Ngyiampaa enjoyment-related activities demonstrate and continuously reinforce the importance for them to be engaged in socialities, which requires one’s social presence, one’s involvement in and responsiveness to social obligations, and their personal responsive demands on kin-related others. To participate in this social world means to be part of the social modus operandi (Bourdieu 1990) within which the self is constituted, transformed, reconstituted, maintained, responsive to, and responded to by others and oneself; hence, others are a prerequisite to constitute meanings for oneself. What this means is that there is a socio-centric emphasis and focus on relational obligations for the Ngyiampaa, and prioritizing extended kin-related others regularly on a social and communal presence centered basis. ‘Proper [Ngyiampaa] relatives’ will never end up prioritizing themselves, nor their individual health; and they do know the purpose of Medicare cards, too. However, because they are familiar to Ngyiampaa Australians, as they are to everybody else, Medicare cards are not understood as pivotal, certainly not as long as one is not in need of immediate medical attention. Accordingly, leaving the supposedly ‘boring, whitefella’ health insurance card with the local surgery effectively accommodates reciprocal self-other Ngyiampaa challenges of being a self-centered patient without jeopardizing one’s communal, relational, social and cultural exchanges with others. Alternately, if a Ngyiampaa person ended up prioritizing their personal health, others would consider their personal, ‘sick patient’ issues more important than their communal social obligations and corresponding practices. In other words, other community members would refer to them as “neglecting their social kin-related obligations” and, hence, “not being a proper relative” any more.

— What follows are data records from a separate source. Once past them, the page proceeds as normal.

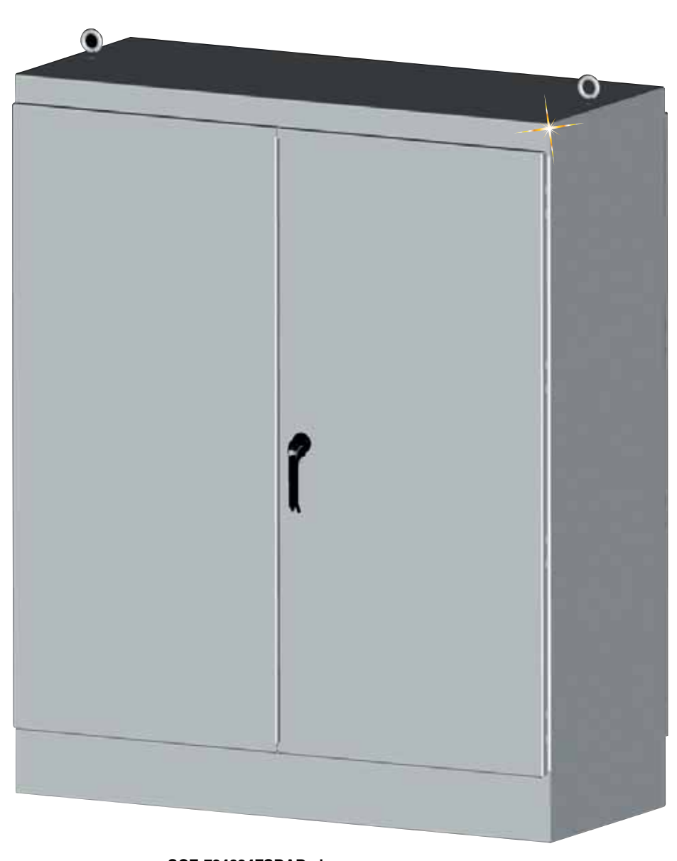
SCE-724824FSDAD shown smaller than actual size.
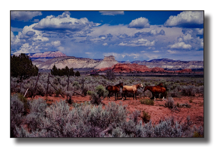
"Horses Near Cannonville UT" By Robeert Benson
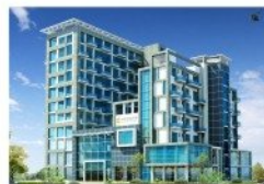
SG Trade Center, Vasundhara, Gzb.
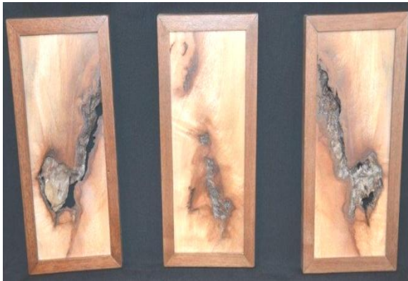
Camphor Laurel - Danish Oil
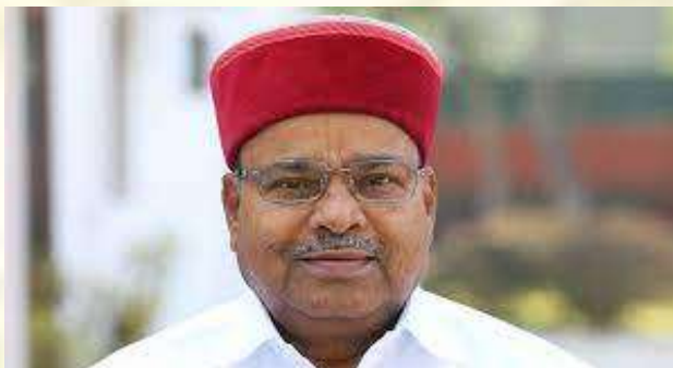
Hon'ble Sri. Thawar Chand Gehlot Governor of Karnataka
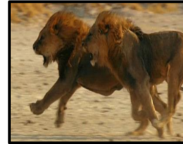
LION RUNNING FOR FOOD
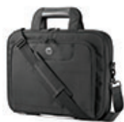
HP 14 in Value Topload Case L3T08AA
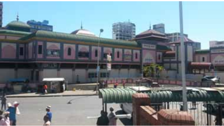
5. Victoria Market (indian market)
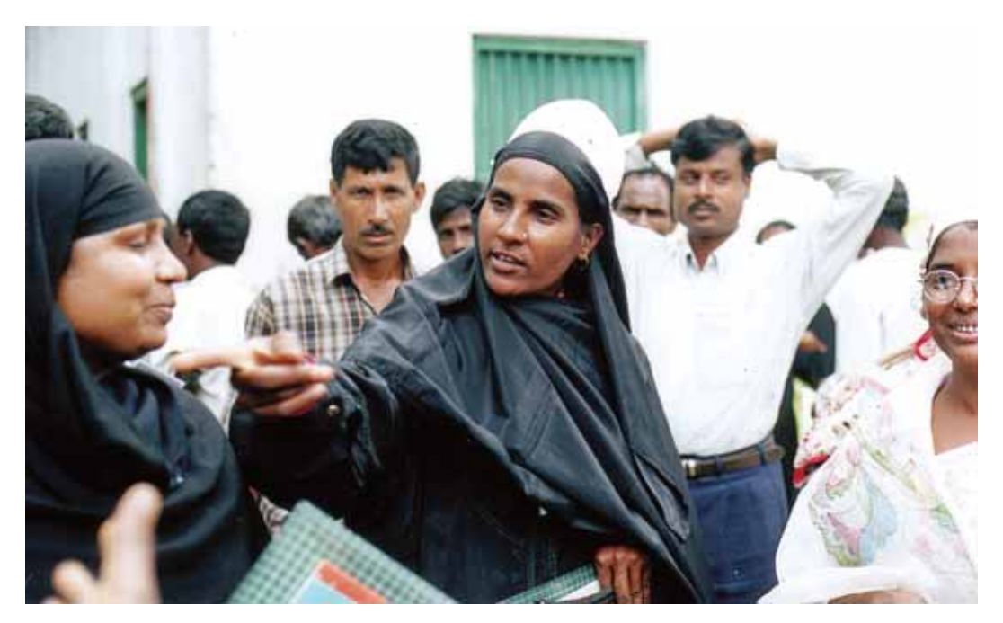
Zilla Panchayat members, Bangladesh

In Philippines, steps have been taken beyond merely reserving seats for the young in that a separate LG body (the Youth Council) has been established; only those older than 15 but younger than 21 may stand for election as well as vote. A member of these bodies also serves in the other LG units. In addition, municipal and provincial councils in Philippines are required to appoint three "sectoral" members, representing women, workers and other disadvantaged groups as necessary.
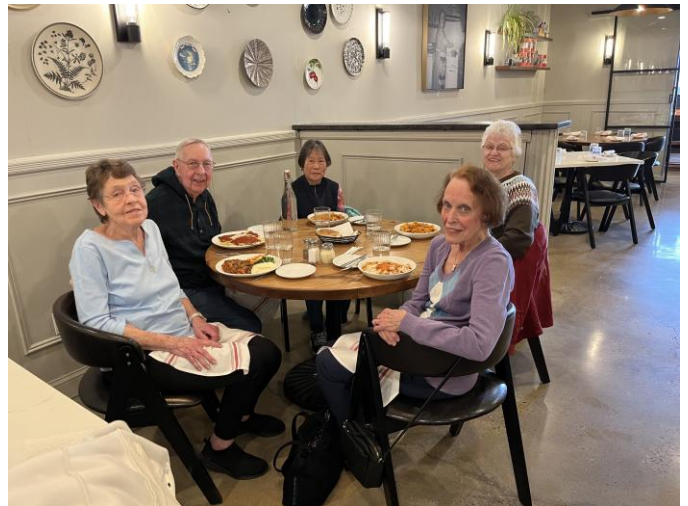
March 19, 2026
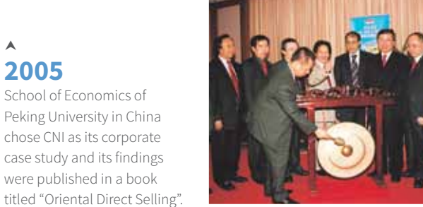
2004, 2005 Won "Super Excellence Award of Direct Sales" award in 2004 and 2005.

Overall, the mainstream Australian health care system has worked with the neoliberal ideology of patient responsibility, in reference to applying for the Medicare card, safekeeping the card, maintaining a connection to it, and being able to produce it when going to a surgery or when in need of personal health care. Surgery staff often accommodate Ngyiampaa patient requests, because they know that the cards may otherwise end up missing or lost. Leaving the health insurance cards in the care of local surgery staff both generates and maintains realms for Ngyiampaa patients that place health-centred obligations with non-Aboriginal onto others and prevent jeopardizing Aboriginal personhood and the intensity of one’s obligations to kin-related others at the same time. A counterbalance and, hence, counter-productivity in reference to boredom is brought to the fore. That is, Ngyiampaa Australians are continuously being required to conform with non-Aboriginal policies and practices that are reflective of non-Aboriginal cultural understandings, order, insurance compliance, and the inherent related cultural practices, too. As long as all of the latter maintain to work with influences of non-Aboriginal government policies, the Ngyiampaa will neither prioritize compliance with nor correspondence to these non-Indigenous practices; and, hence, the Ngyiampaa continue to insist on pursuing their personal and cultural practices instead.



Bourdieu, Pierre. 1990. The Logic of Practice. Stanford: Stanford University Press.

Svendsen, Lars. 2005. A Philosophy of Boredom. London: Reaktion Books.